On April 22, Apple released an out-of-cycle update for iOS and iPadOS to fix a bug that could preserve incoming Signal notifications, and potentially from other apps, even when marked for deletion. In some cases, that content could remain in the operating system’s notification database even after messages were deleted or the app was uninstalled.

As we reported earlier, according to 404 Media the FBI exploited this situation in at least two legal proceedings, recovering the text of messages that users believed were no longer available. The problem didn’t affect Signal’s encryption, which remains intact, but rather how iOS handled certain push notifications: if the message content was shown in the preview, the system could save it outside the app’s boundaries.

This is a technical but important distinction. Signal can delete a message from its own app and protect it with end-to-end encryption during transmission, but it can’t control everything the operating system does with a notification once received. That’s where the bug came in: the message disappeared from Signal, but a copy of it could remain elsewhere.

What changed with the patch

The bug is tracked as CVE-2026-28950 and was fixed on April 22 in iOS 26.4.2, iPadOS 26.4.2, iOS 18.7.8, and iPadOS 18.7.8. Apple described the issue as a “logging issue,” resolved through better data redaction, explaining that notifications marked for deletion could be unexpectedly retained on the device.

The patch does more than prevent new notifications from being retained. Signal clarified that once the update is installed, notifications already saved in error are deleted, and future ones should no longer be retained for deleted apps. Apple, according to 404 Media, also indicated that the update retroactively removes improperly saved notifications.

The fix is available for both the current iOS line and devices still on iOS 18. This is a relevant detail, because it extends the fix to installations not updated to the latest main branch. Public pressure had grown following 404 Media’s coverage and after Signal’s president Meredith Whittaker highlighted that notifications related to deleted messages should not remain in any operating system database.

A matter of boundaries

This case highlights something security-conscious developers know well, but often escapes users: encrypted messaging apps control only what happens within their own boundaries. Once content enters operating system territory, notifications, backups, clipboard, keyboards, previews, it follows that system’s rules too.

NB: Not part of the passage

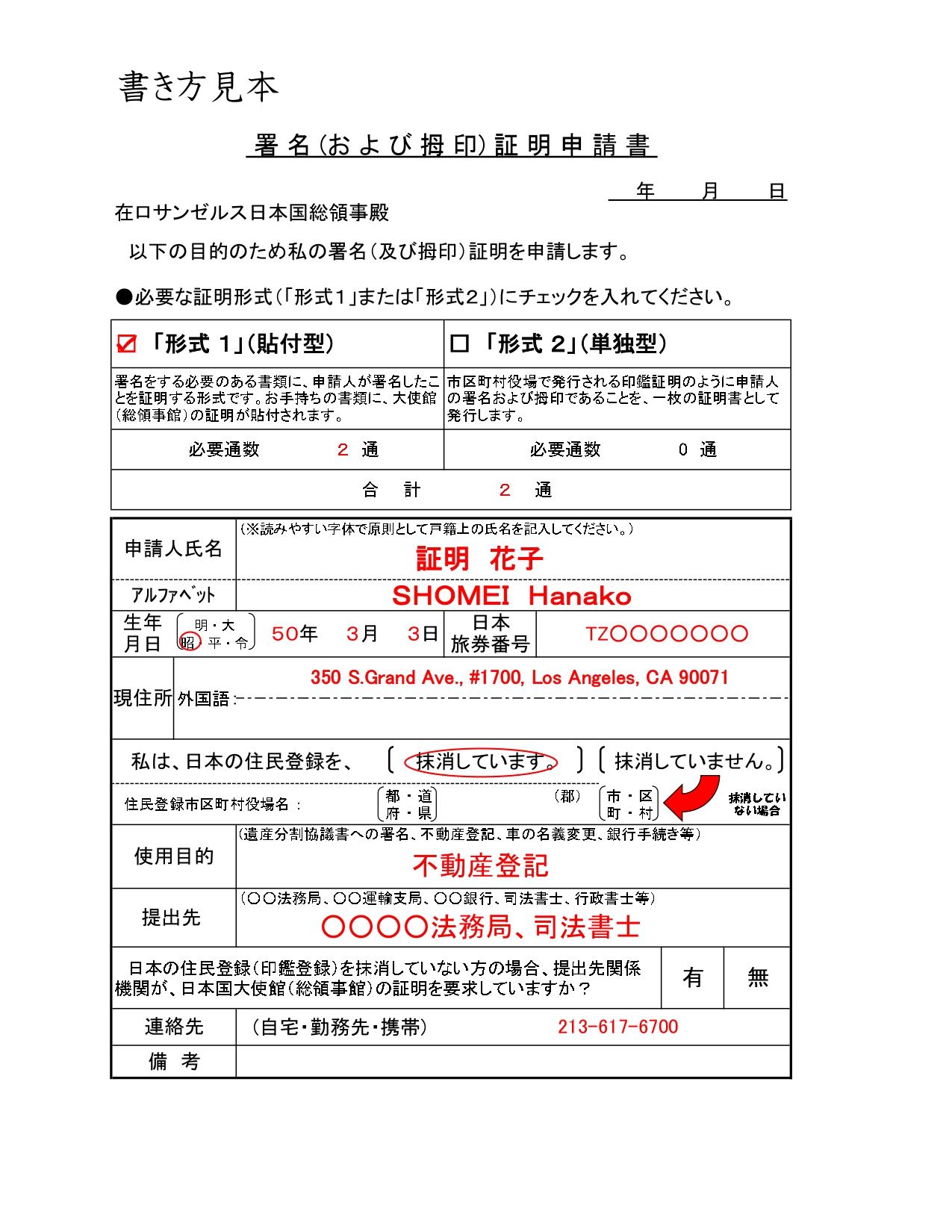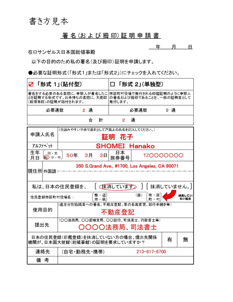 ②署名(および拇印)証明申請書

Signal’s encryption was and remains solid. The problem was elsewhere. You didn’t need to break Signal if the message text had already been copied into a notification retained by iOS.

For those using disappearing messages as part of a real security strategy, the guidance is straightforward: update immediately and verify that automatic updates are enabled. As a precaution, it’s also worth reviewing Signal’s settings: in Notifications preferences you can set the display to “Sender only” or “No name or message”, preventing message text from being exposed in system notifications.